Simferopol airport operations reported normal after armed men, wearing similar gear to a group of 100 gunmen who stormed the Crimean parliament and raised the Russian flag, entered the building

Russian military were blocking an airport in the Black Sea port of Sevastopol in Crimea, near the Russian naval base, while unidentified men were patrolling another airport serving the regional capital Simferopol, Ukraine’s new Interior Minister Arsen Avakov said on Friday.

Mr. Avakov wrote in a Facebook post that the Belbek international airport in Sevastopol was blocked by military units of the Russian navy. “I can only describe this as a military invasion and occupation,” he said.

The Russian foreign ministry refused to comment while a spokesman for the Russian defence ministry was not available for comment.

Early on Friday, around 50 armed men in military uniform arrived in three trucks without licence plates and surrounded the domestic flights terminal at the airport of Simferopol, the regional capital of Crimea, before moving on to other parts of the site, Interfax-Ukraine news agency cited witnesses as saying.

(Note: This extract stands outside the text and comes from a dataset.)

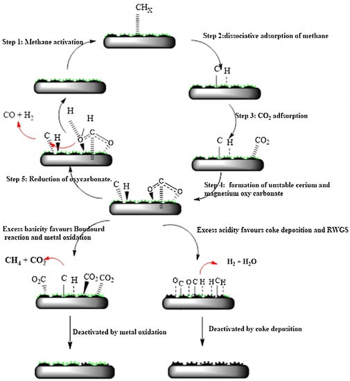 The DRM reaction over supported Ni catalyst mainly proceed via two steps: (1) decomposition of methane; and, (2) CO2 dissociation. It is generally agreed that dissociation of methane on Ni surface is the rate determining step of DRM reaction. Dissociated CH3 species are adsorbed on a top of Ni atom, whereas CH2 species prefer to be adsorbed between two adjacent Ni atoms. The dissociative adsorption of CH4 on Ni atoms is favored at step sites than that on terrace Ni atoms and this can explain higher catalytic activity of small Ni nanoparticles compared to bigger counterparts, which possess less amount of step Ni atoms per unit mass of Ni. Decomposition of a methane molecule leaves carbon atoms (atomic carbon, or CHx species) on Ni surface and these carbon atoms need to be oxidized into carbon monooxide that will be desorbed from Ni surface regenerating active Ni surface. The oxidation of the carbon atom on Ni surface is mainly proceeded by interaction with an atomic oxygen either on the surface of Ni or supports. Dissociate adsorption of CO2 is a major route for the generation of atomic oxygen on Ni surface during DRM and is generally considered as a fast process. When Ni particles are supported on inert metal-oxides, such as SiO2, the CO2 dissociation takes place on the surface of Ni particles. On the other hands, on the other active metal-oxide supports (e.g., MgO, La2O3, Ga2O3), chemisorption, and dissociation of CO2 can take place on the surface of supports or Ni-supports interfaces [29,52,53]. It has been suggested that higher basicity of metal-oxides supports can facilitate CO2 dissociation on the supports surface [26,54]. Some metal-oxides, such as CeO2 and ZrO2, can provide their lattice oxygen to oxidize carbon atoms on Ni surface into carbon monooxide [55,56,57]. The oxidation of carbon species from the Ni surface can also proceed via an interaction with hydroxyl groups on the surface, but this process has been suggested only significant at low temperature (<800 °C) [41,44].

An Associated Press photographer saw military men armed with assault rifles on Friday morning patrolling the airport. The men, who were wearing uniforms without any insignia, refused to talk to journalists, and it was not immediately clear who they were.

The men wore similar gear to a group of 100 gunmen who stormed the Crimean parliament on Thursday and raised the Russian flag over the building, the report said.

The armed men since left the building, according to broadcaster Russia Today.

The airport appeared to be operating normally, with flights landing and taking off, RIA-Novosti news agency quoted a worker at the airport as saying. The airport’s website showed flights arriving and departing on schedule.

On Thursday, masked gunmen with rocket-propelled grenades and sniper rifles seized the parliament and government offices in Simferopol and raised the Russian flag over the parliament building.

The events in the Crimea region have heightened tensions with neighbouring Russia. It scrambled fighter jets on Thursday to patrol borders in the first stirrings of a potentially dangerous confrontation reminiscent of Cold War brinksmanship.

Russia also has granted shelter to Ukraine’s fugitive president, Viktor Yanukovych, after recent deadly protests in Kiev swept in a new government.

Mr. Yanukovych has a news conference scheduled Friday in Russia’s south near the Ukrainian border. He has not been seen publicly since Saturday, and he declared on Thursday in a statement that he remains Ukraine’s legitimate president.

Ukraine’s parliament on Thursday elected a new government led by a pro-Western technocrat who promptly pledged to prevent any national break-up.

Moscow has been sending mixed signals about Ukraine but pledged to respect its territorial integrity. Ukraine’s population is divided in loyalties between Russia and the West. Crimea, which was seized by Russian forces in the 18th century under Catherine the Great, was once the crown jewel in Russian and then Soviet empires.

It only became part of Ukraine in 1954 when Soviet leader Nikita Khrushchev transferred jurisdiction from Russia, a move that was a mere formality until the 1991 Soviet collapse meant Crimea landed in an independent Ukraine.

In a bid to shore up Ukraine’s fledgling administration, the International Monetary Fund has said it is “ready to respond” to Ukraine’s bid for financial assistance. The European Union is also considering emergency loans for a country that is the chief conduit of Russian natural gas to Western Europe.

Ukraine’s finance ministry has said it needs $35 billion over the next two years to avoid default.